TASK ITEM: Pictures in the records below must be left out. Return exactly the lines from the line with "Besides white churidar, her" to the line with "제21대 대통령 당선이", both included.

MATERIAL FOR THIS EXERCISE:
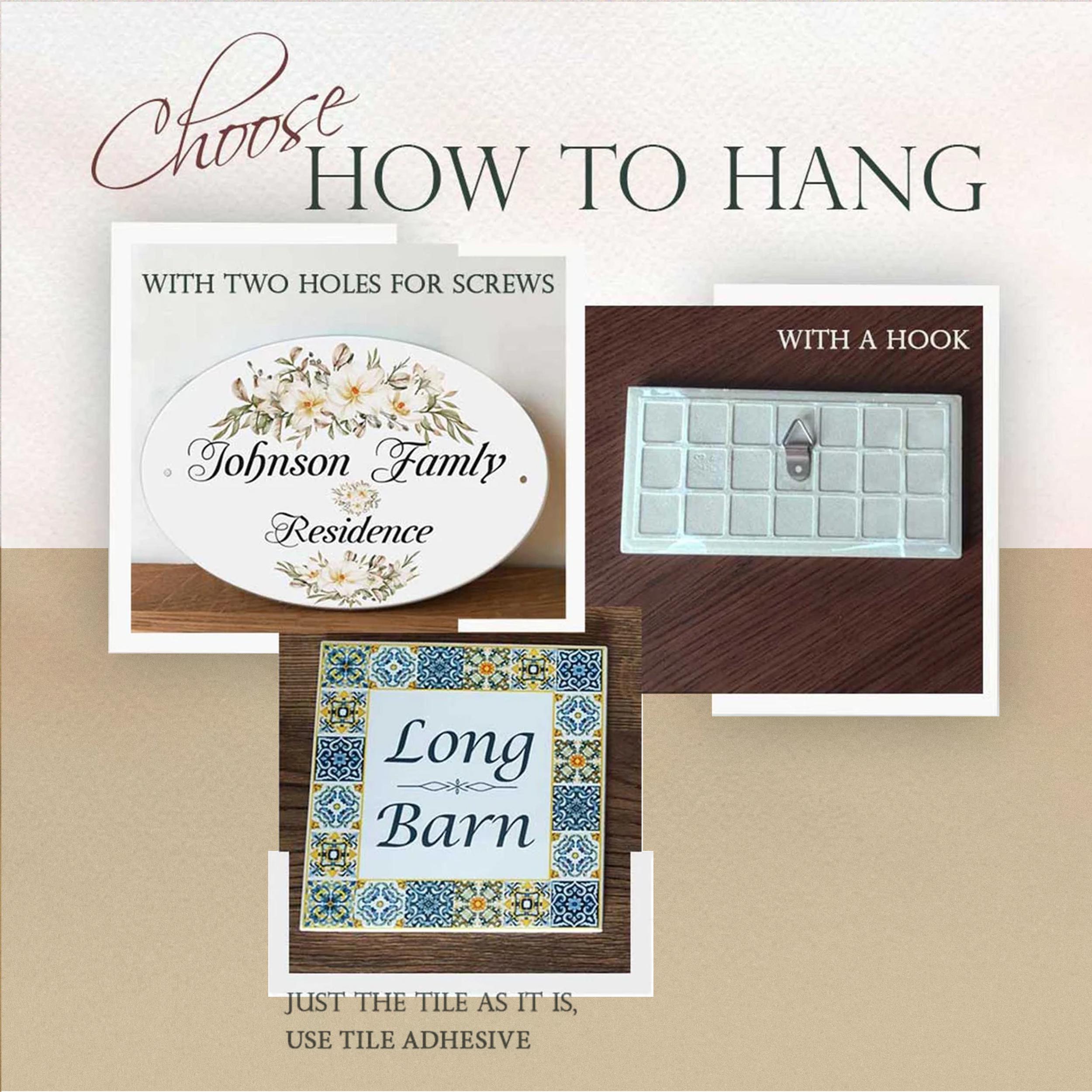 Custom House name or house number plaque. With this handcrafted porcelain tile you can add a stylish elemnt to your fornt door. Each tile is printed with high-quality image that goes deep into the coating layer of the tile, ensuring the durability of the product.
...
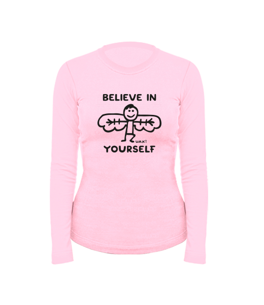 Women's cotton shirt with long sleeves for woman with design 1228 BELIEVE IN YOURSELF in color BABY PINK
...
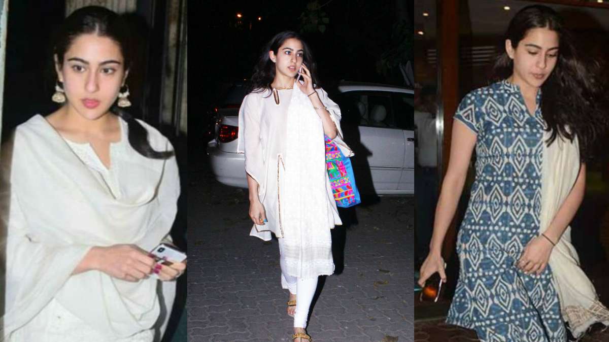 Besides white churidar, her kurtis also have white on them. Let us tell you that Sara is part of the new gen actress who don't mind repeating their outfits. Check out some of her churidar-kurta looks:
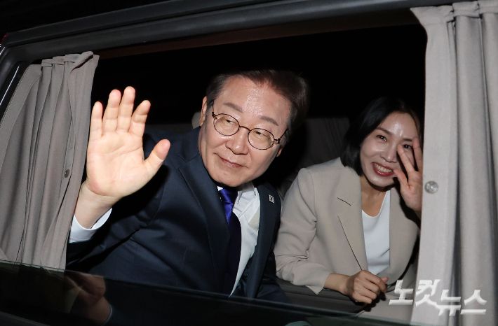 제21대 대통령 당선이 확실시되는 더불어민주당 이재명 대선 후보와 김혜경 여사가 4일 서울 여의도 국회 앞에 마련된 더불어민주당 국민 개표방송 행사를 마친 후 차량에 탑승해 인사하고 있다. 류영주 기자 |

TASK ANSWER:
 Besides white churidar, her kurtis also have white on them. Let us tell you that Sara is part of the new gen actress who don't mind repeating their outfits. Check out some of her churidar-kurta looks:
 제21대 대통령 당선이 확실시되는 더불어민주당 이재명 대선 후보와 김혜경 여사가 4일 서울 여의도 국회 앞에 마련된 더불어민주당 국민 개표방송 행사를 마친 후 차량에 탑승해 인사하고 있다. 류영주 기자 |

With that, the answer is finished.